I want to emulate the functionality of gzcat | tail -n.
我想模仿gzcat的功能尾巴-n。
This would be helpful for times when there are huge files (of a few GB's or so). Can I tail the last few lines of such a file w/o reading it from the beginning? I doubt that this won't be possible since I'd guess for gzip, the encoding would depend on all the previous text.
这对于有大量文件(几GB左右)的时候会有所帮助。我可以从头开始读取这样一个文件的最后几行吗?我怀疑这是不可能的,因为我猜gzip,编码将取决于所有以前的文本。
But still I'd like to hear if anyone has tried doing something similar - maybe investigating over a compression algorithm that could provide such a feature.
但是我还是想听听是否有人尝试过类似的事情 - 也许是通过可以提供这种功能的压缩算法进行调查。
6 个解决方案
#1
No, you can't. The zipping algorithm works on streams and adapts its internal codings to what the stream contains to achieve its high compression ratio.
不,你不能。压缩算法在流上工作,并使其内部编码适应流所包含的内容以实现其高压缩比。
Without knowing what the contents of the stream are before a certain point, it's impossible to know how to go about de-compressing from that point on.

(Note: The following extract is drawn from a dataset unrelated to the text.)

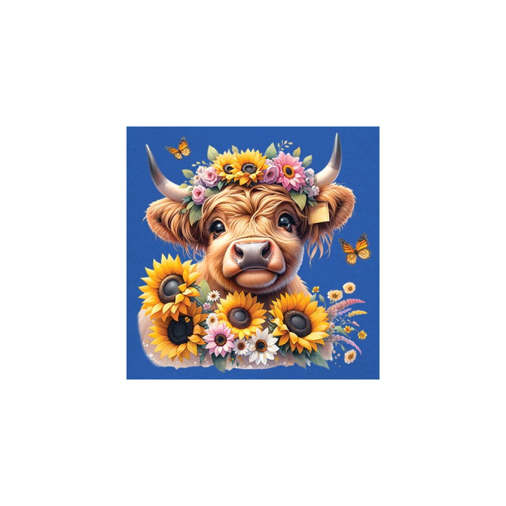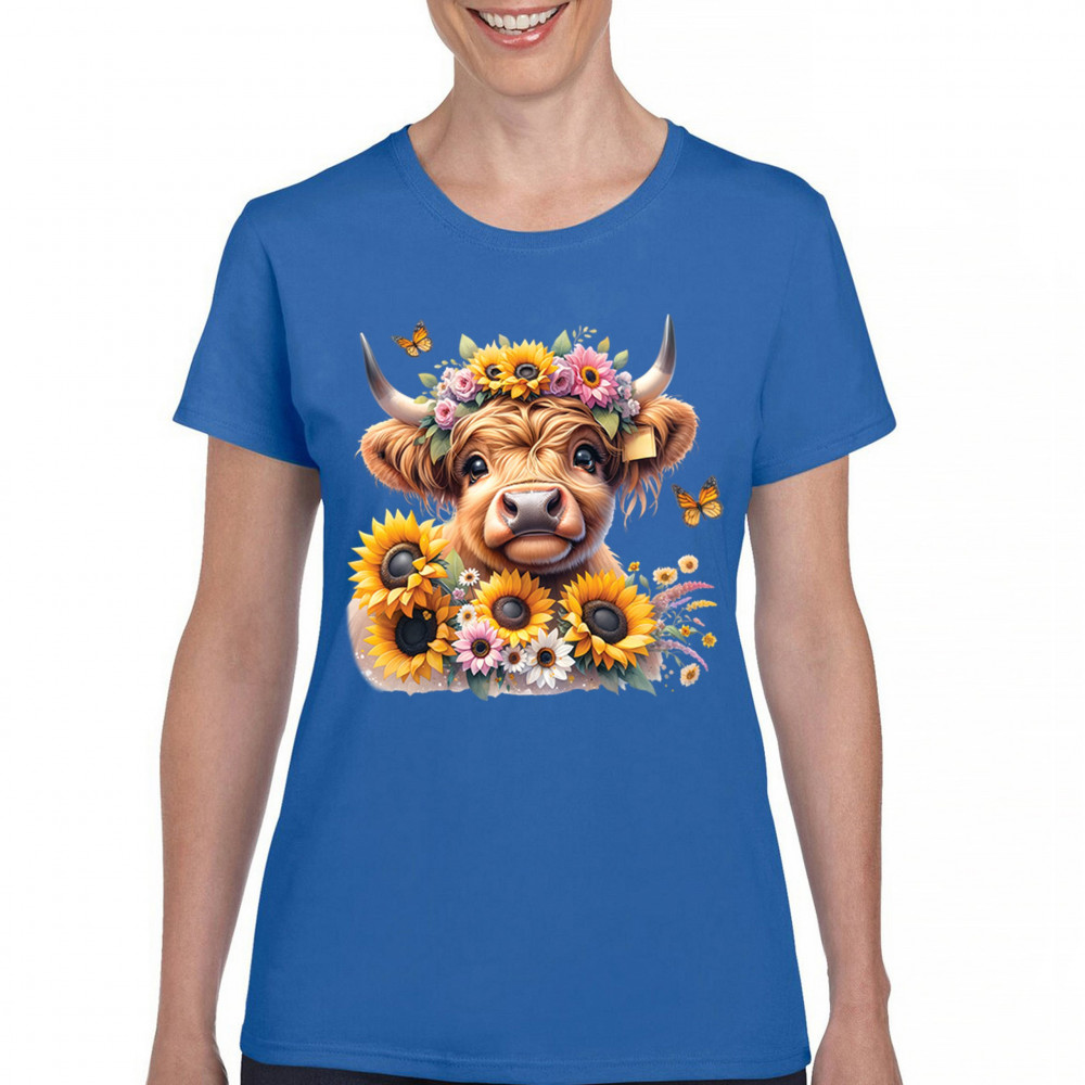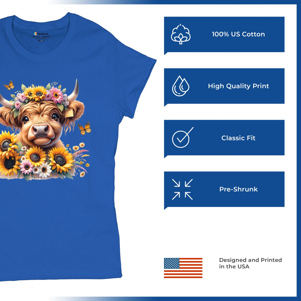 Highland Cow floral design with sunflowers and daisies, rustic farmhouse cow style, western ranch boho charm, and cozy country farmhouse shirt vibes.

如果不知道流的内容在某一点之前是什么,就不可能知道如何从那一点开始解压缩。
Any algorithm which allows you to de-compress arbitrary parts of it will require multiple passes over the data to compress it.
任何允许您对其任意部分进行解压缩的算法都需要对数据进行多次传递以对其进行压缩。
#2
BGZF is used to created index gzip compressed BAM files created by Samtools. These are randomly accessible.
BGZF用于创建由Samtools创建的索引gzip压缩BAM文件。这些是随机可访问的。
#3
If you have control over what goes into the file in the first place, if it's anything like a ZIP file you could store chunks of predetermined size with filenames in increasing numerical order and then just decompress the last chunk/file.
如果您首先控制进入文件的内容,如果它类似于ZIP文件,您可以按照递增的数字顺序存储具有文件名的预定大小的块,然后只解压缩最后一个块/文件。
#4
If it's an option, then bzip2 might be a better compression algorithm to use for this purpose.
如果它是一个选项,那么bzip2可能是一个更好的压缩算法用于此目的。
Bzip2 uses a block compression scheme. As such, if you take a chunk of the end of your file which you are sure is large enough to contain all of the last chunk, then you can recover it with bzip2recover.
Bzip2使用块压缩方案。因此,如果您获取文件末尾的一大块,您确定它足够大以包含所有最后一个块,那么您可以使用bzip2recover恢复它。
The block size is selectable at the time the file is written. In fact that's what happens when you set -1 (or --fast) to -9 (or --best) as compression options, which correspond to block sizes of 100k to 900k. The default is 900k.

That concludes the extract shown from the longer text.